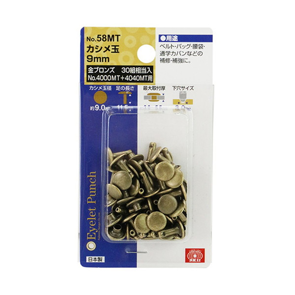 商品名:藤原産業 SK11 カシメ玉 9mm 足長 金ブロンズ NO.58MT 30組相当入り
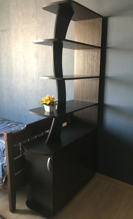 Стойка 5 изготовлена из ламинированной ДСП толщиной 16 мм, покрытой ПВХ кромкой (толщина 0,4 мм и 1,0 мм). Нижняя часть стойки представляет собой закрытую тумбу с двумя полками.Ножки НЕ регулируются по высоте.
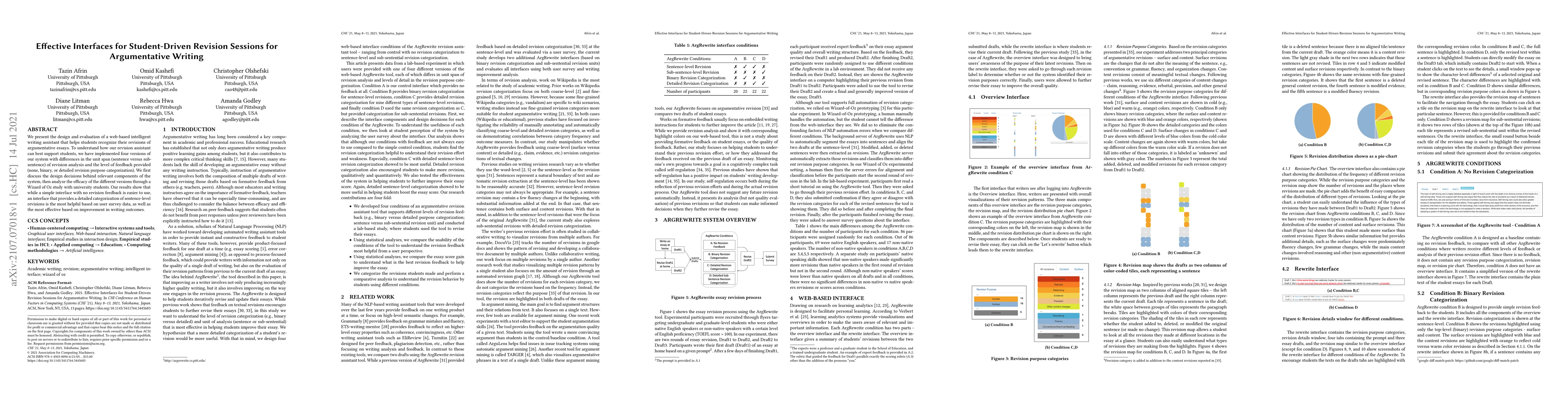 This paper evaluates a web-based intelligent writing assistant designed to aid students in revising argumentative essays, comparing four system versions based on revision analysis unit span and feedback level. Results from a Wizard of Oz study indicate that detailed sentence-level revision categorization is most effective in improving writing outcomes, despite simpler interfaces being easier to use.
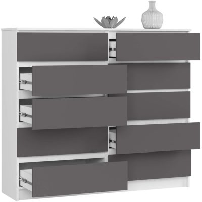 Modern, 10-fiókos komód fehér-szürke színben, kopásálló laminált lapból. Nagy tárolókapacitás, fém görgős fióksínek, ABS élzárás. Méret: 138x121x40 cm.
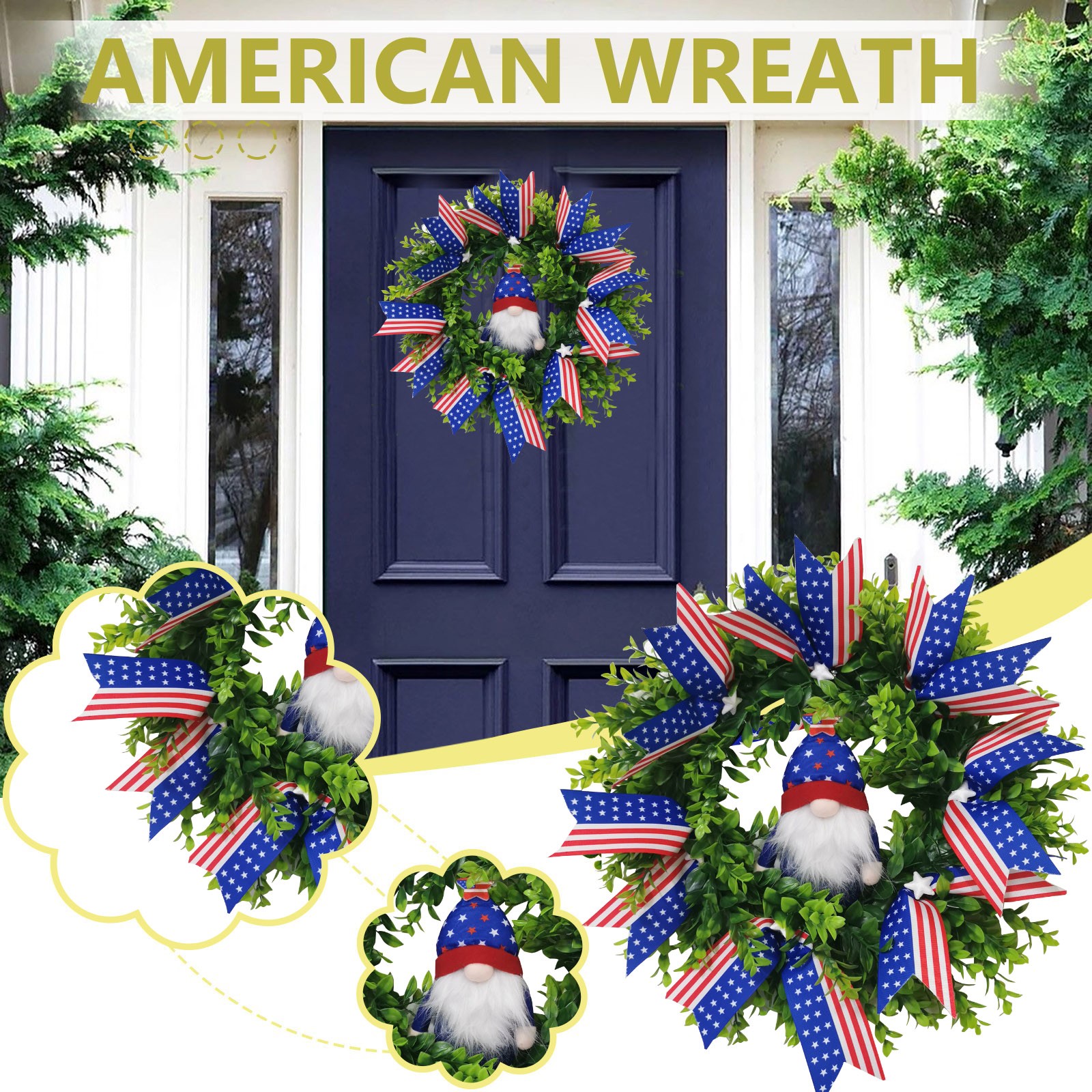 Прочный: вы можете использовать этот венок Дня независимости, чтобы добавить к вашему дому, особенно к входной двери. Кроме того, он использует высококачественные короткие ворсовые материалы, поэтому он очень прочный и надежный.
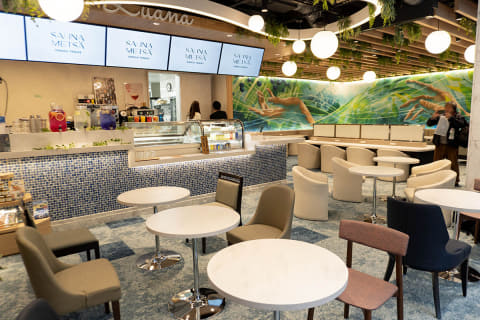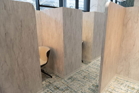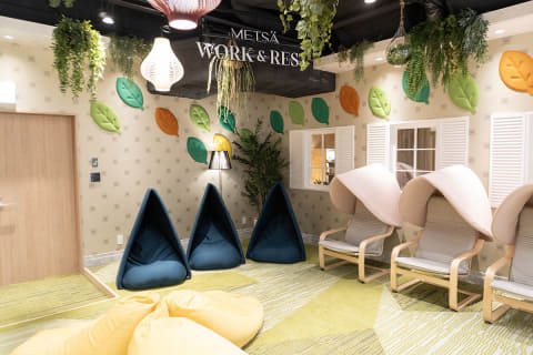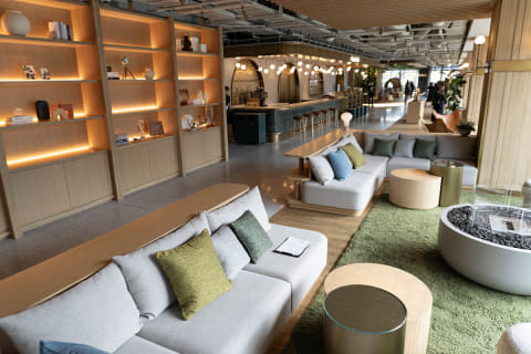スパ内には、ドリンクなどを提供するレストスペースのほか、コワーキングスペースなども設置している。
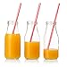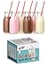 Value set of 12 high quality reusable glass milk bottles with BPA free plastic straw and metal screw-on lids
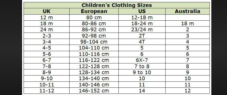 Children's clothing sizes
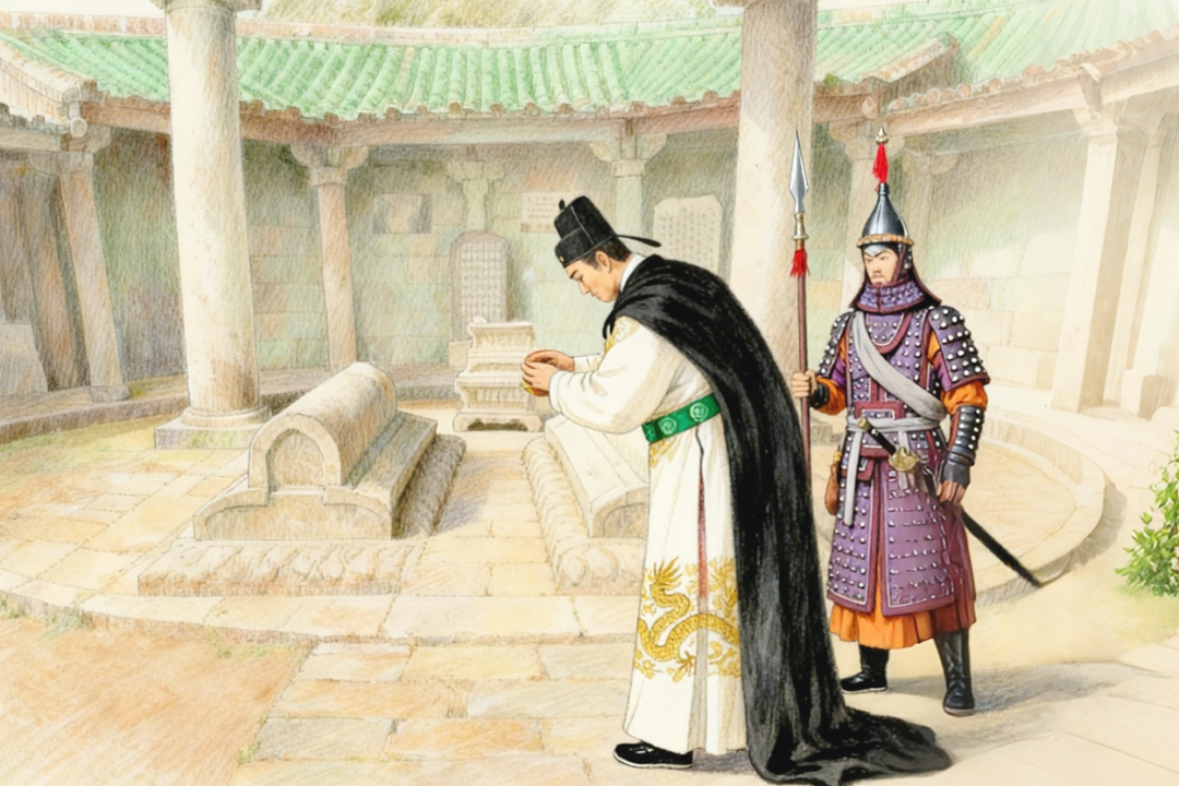 明永樂十五年,航海家鄭和第五次下西洋前,專程到靈山圣墓行香進謁、祈求庇佑。(AI制圖)
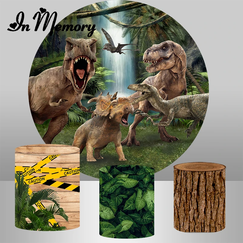 InMemory лес Юрского периода Динозавр круглый фон Обложка для мальчиков день рождения круг фон дерево зеленые листья Plinth обложки

▸ TASK TO COMPLETE: Retype all entries exactly as they appear, dropping the images.

▸ ANSWER FOR THE TASK:
 商品名:藤原産業 SK11 カシメ玉 9mm 足長 金ブロンズ NO.58MT 30組相当入り
 Стойка 5 изготовлена из ламинированной ДСП толщиной 16 мм, покрытой ПВХ кромкой (толщина 0,4 мм и 1,0 мм). Нижняя часть стойки представляет собой закрытую тумбу с двумя полками.Ножки НЕ регулируются по высоте.
 This paper evaluates a web-based intelligent writing assistant designed to aid students in revising argumentative essays, comparing four system versions based on revision analysis unit span and feedback level. Results from a Wizard of Oz study indicate that detailed sentence-level revision categorization is most effective in improving writing outcomes, despite simpler interfaces being easier to use.
 Modern, 10-fiókos komód fehér-szürke színben, kopásálló laminált lapból. Nagy tárolókapacitás, fém görgős fióksínek, ABS élzárás. Méret: 138x121x40 cm.
 Прочный: вы можете использовать этот венок Дня независимости, чтобы добавить к вашему дому, особенно к входной двери. Кроме того, он использует высококачественные короткие ворсовые материалы, поэтому он очень прочный и надежный.
スパ内には、ドリンクなどを提供するレストスペースのほか、コワーキングスペースなども設置している。
 Value set of 12 high quality reusable glass milk bottles with BPA free plastic straw and metal screw-on lids
 Children's clothing sizes
 明永樂十五年,航海家鄭和第五次下西洋前,專程到靈山圣墓行香進謁、祈求庇佑。(AI制圖)
 InMemory лес Юрского периода Динозавр круглый фон Обложка для мальчиков день рождения круг фон дерево зеленые листья Plinth обложки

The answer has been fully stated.